(From elsewhere) (scientific method) (rule of law) Peter, Thanks again. (I am ex

(From elsewhere) (scientific method) (rule of law)

Peter,

Thanks again. (I am extremely appreciative of your attention. I wish I could reduce my work to pithy one liners but I can’t.)

Getting a couple of things out of the way: (a) Yes, My point was Hoppe was just a door for me because his arguments were analytic. Other have argued that it’s all in Kuehnelt-Leddihn – which is purely narrative. (b) I don’t believe Brouwer, Hibert, Goedel, Cantor, Russell, Mises, (or even Keynes – at least in his work on probability) understood that they were all dealing with the problem of justification. It’s clear that Poincaré couldn’t solve it. I am pretty sure that only Popper understood it. And that only Bridgman understood why – but he could not generalize it. Hayek certainly sensed it and reached into every possible discipline but couldn’t solve it except perhaps in law. But all of them sensed that something was not quite right – that science had evolved into pseudoscience: or what we today are calling ‘mathiness’. And what physicists claim is an over reliance on models and an under-reliance on increasingly expensive experimentation.

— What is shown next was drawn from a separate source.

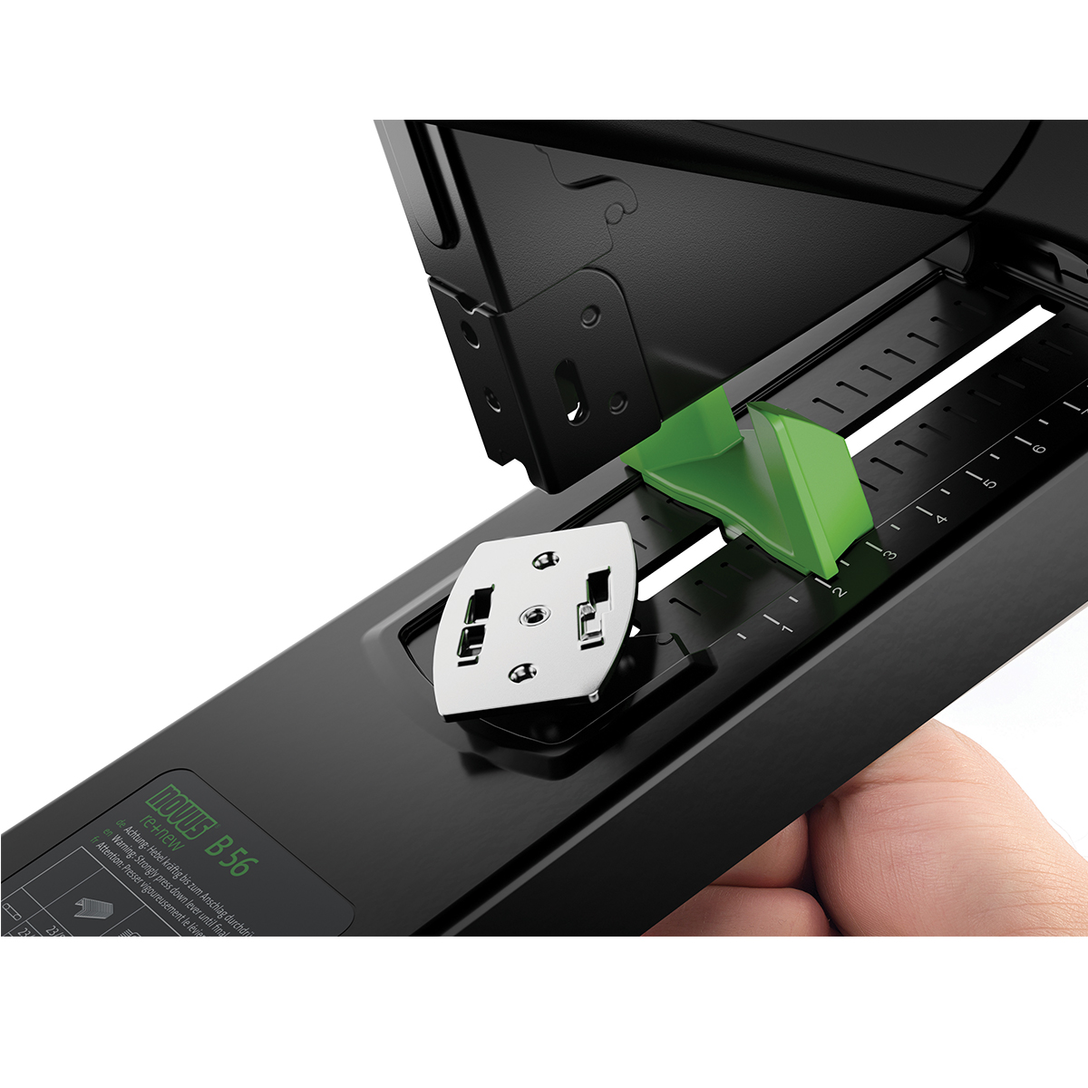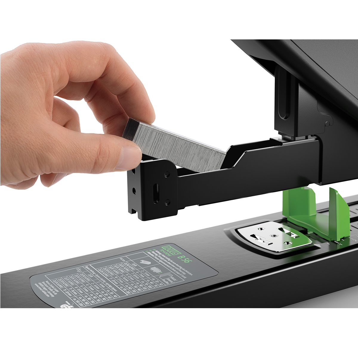 - adancime variabila de patrundere in pagina (pana la 75 mm)- eliminare rapida a erorilor pentru capsarea goala atunci cand este necesar- sistem de incarcare cu buton de apasare cu ghidaj de capse dublu, montat pe arc- nicovala mobila pentru schimbarea rapida intre capsarea paralela si bypass
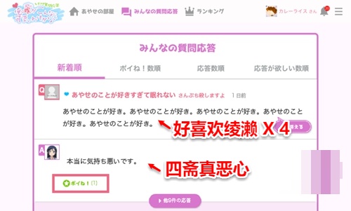 在提问后以绫濑的角度对自己的问题或其他人的问题进行回答。另外参加者还可以给自己认为最像是绫濑说的回答点赞,让ai不断成长。

(c) As to my reaction to Firestien, my reaction is the same as you suggested above: I go to the original authors: Hume on induction, and Popper on Critical Rationalism (even in its flawed cosmopolitan, rationalist and imprecise form), and Bridgman on his acknowledgement that we should have discovered relativity many generations earlier.

So, of course I agree with “Ignorance”. But then, lets look at the difference between the goals of the research scientist and a teacher of science and the goals of the author of a constitution and the judges who must interpret the a law under the rule of law, such that he preserves logical decidability and therefore need not add his own subjective content in order to preserve rule of law. In other words: rather than the investigator lets look at the rules of constructing an institution that preserves liberty.

So we start with: ‘meaning’ which assists in free association (theorizing), and ‘constructions’ which constitute proofs (the act of deciding), are very different things.

Law must be strictly constructed if it is to be free of subjective content. This is the virtue of property rights as a positive expression of the single requirement for rational cooperation: the requirement that actions that affect others be productive, not parasitic.

The rule of law should consist in a series of negatives, strictly constructed in response to innovations in parasitism which violate the rational incentive to cooperate.

I am not concerned with free association – that’s a scientists concern. I do not think there is any magic to the now rather obvious fact that ‘what works’ (recipes) and ‘general rules’ (theories) are two different things – the former lets us act, the latter helps us with freely associating. But the only truths we know – meaning the only informationally complete statements – are negatives: what we know that fails. At this point it’s fairly obvious. (IN fact I have argued that there is only one rather expensive question that we need to answer in the practice of science: whether the least-cost means that we pursue confirms or falsifies Popper’s theory of Critical Preference. (I think there is a good argument to be made that we already perform the optimum means of investigation: cost based.)

HOW DOES LAW EFFECT THE STUDY OF ECONOMICS?

If you have immoral laws, and perform economic research to justify them, you then perform immoral economics. This is the essence of the Misesian argument. Mises made the (erroneous) argument that this was a scientific or logical constraint – it is neither. It is merely immoral. Cooperation is either rational or not. If it is not, then it is not cooperation, it is predation. And man has no obligation to suffer predation.

Likewise praxeology allows us to construct proofs: tests of existential possibility, but not truths. We can theorize either empirically or through construction, or through free association: the means by which we come up with theories is irrelevant. What is relevant is the means by which we perform due diligence. And one of the tests of due diligence is morality: whether the transfers involved are voluntary (rational.)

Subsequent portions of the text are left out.